## LISTED ENTRIES

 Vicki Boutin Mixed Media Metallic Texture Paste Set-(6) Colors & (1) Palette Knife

* * *

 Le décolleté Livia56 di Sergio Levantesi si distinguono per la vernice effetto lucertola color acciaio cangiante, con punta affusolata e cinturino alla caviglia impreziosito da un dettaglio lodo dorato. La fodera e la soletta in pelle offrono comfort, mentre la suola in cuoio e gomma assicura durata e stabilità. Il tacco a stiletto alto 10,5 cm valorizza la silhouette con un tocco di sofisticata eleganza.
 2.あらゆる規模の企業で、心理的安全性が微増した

## PROBLEM REQUIREMENTS
Using the records above, set down exactly the lines from the one with "Le décolleté Livia56" through the one with "2.あらゆる規模の企業で、心理的安全性が微増した", inclusive, and nothing more.

## PROBLEM SOLUTION
 Le décolleté Livia56 di Sergio Levantesi si distinguono per la vernice effetto lucertola color acciaio cangiante, con punta affusolata e cinturino alla caviglia impreziosito da un dettaglio lodo dorato. La fodera e la soletta in pelle offrono comfort, mentre la suola in cuoio e gomma assicura durata e stabilità. Il tacco a stiletto alto 10,5 cm valorizza la silhouette con un tocco di sofisticata eleganza.
 2.あらゆる規模の企業で、心理的安全性が微増した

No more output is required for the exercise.